Today was another two-class and, for some, two-rehearsal day! But instead of a theme of twos, today’s theme was MURDER! Troilus and Cressida rehearsed in the playhouse in the morning and then attended workshops in the afternoon, while CoE attended workshops in the morning and then rehearsed in the afternoon and evening.

~

The first of the two workshops was a stage combat intro led by RDA Jake Raiter. Jake first had campers partner up and choreograph an elaborate handshake including noise, flourishes, and multiple “phrases”. A good piece of fight choreo, says Jake, should be no more stressful than a practiced personal handshake.

Until they come to take hands

~

Then he taught the campers basic knaps and slaps, having them stand a safe distance apart and “slap” each other.

We’ll thwack him hence

 

Finally, the campers were instructed to layer on acting to their slap, which ranged from audience “takes” to recited lines to full on extended choreographed sequences with murderous intent (for the characters, not the actors – all of the actors stayed perfectly safe!)

~

The next workshop was an acting workshop, taught by KP Powell from the ASC. He began with crowdsourcing a list of “actions” – or, as he explained later, things you can play or do to another person.

Words, words, words

 

Then he called campers up in pairs to demonstrate whether actions were playable or not – a playable action, we learned, should be specific, affect someone else on stage, and should be able to be communicated clearly and externally to the audience; we should know when it is completed, or “won”. “To murder”, for example, would be less specific and less playable than “to stab”; “to murder” would make a good objective for the actions to serve.
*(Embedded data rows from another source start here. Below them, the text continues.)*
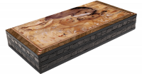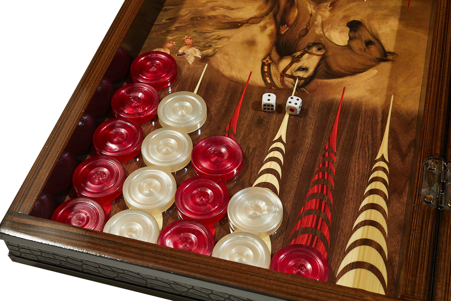 Нарды изготовлены из высококачественных плит МДФ толщиной 16 мм и 4 мм для сохранения прочности жесткой формы изделия. После профилирования по различным формам и размерам детали из МДФ переходят к этапу покрытия полиуретановым клеем с отделкой под дерево или однотонной цветной пленкой Alkorcell в соответствии с моделью изделия. После завершения всех процессов покраски и отделки на внешние стороны нард наносятся полоски искусственной кожи высшего качества. Внутренняя и внешняя игровые поверхности имеют высокую глянцевость (95%). Акриловый лак УФ-отверждения не желтеет, не содержит растворителей, запаха и паров. Вместо металлических замков установлены высококачественные неодимовые магниты.
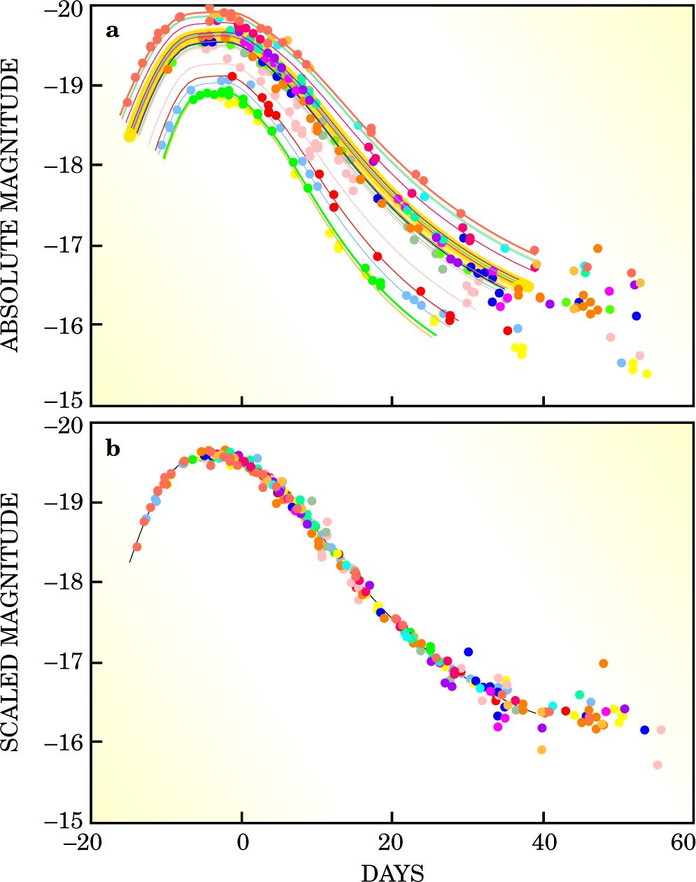 Figure 1. Light curves of nearby, low-redshift type Ia supernovae measured by Mario Hamuy and coworkers.7(a) Absolute magnitude, an inverse logarithmic measure of intrinsic brightness, is plotted against time (in the star’s rest frame) before and after peak brightness. The great majority (not all of them shown) fall neatly onto the yellow band. The figure emphasizes the relatively rare outliers whose peak brightness or duration differs noticeably from the norm. The nesting of the light curves suggests that one can deduce the intrinsic brightness of an outlier from its time scale. The brightest supernovae wax and wane more slowly than the faintest. (b) Simply by stretching the time scales of individual light curves to fit the norm, and then scaling the brightness by an amount determined by the required time stretch, one gets all the type Ia light curves to match.5,8
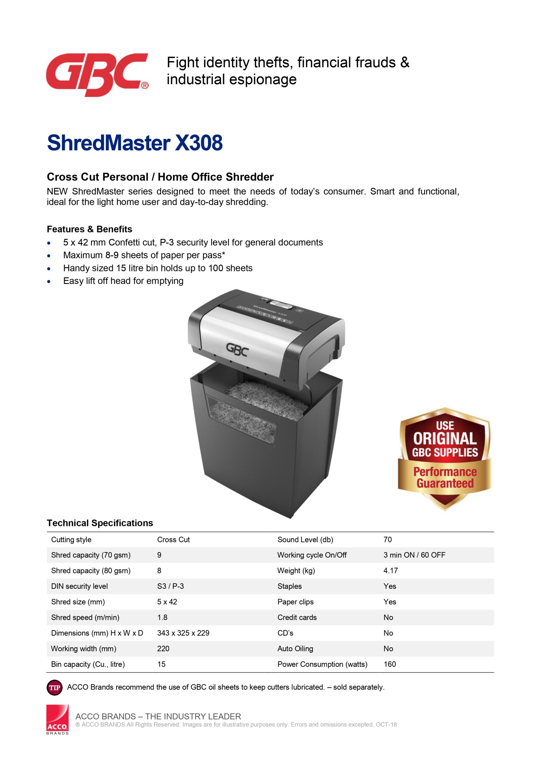 - Model : GBC ShredMaster X308

When you went forward on this ended action

 

To demonstrate this, KP gave actors some classic contentless scenes and had them play them over with various objectives and variously-qualifying actions, such as “to wake” “to yell” “to leave” “to guilt” and so on.

Their currents turned awry, and lose the name of action

~

In the evening, while CoE was at the playhouse, most of the cast of Troilus and Cressida played a round of “Body, Body”, an active Among Us-like strategy game that travels over the building and involves lots of simulated murder. Very Shakespearean, if you ask me.

Too cruel anywhere :'(

~

Tomorrow we look forward to our festival dress rehearsal (or, dresstival), in the Playhouse, as well as some mandatory relaxation time. The kids are gonna need it!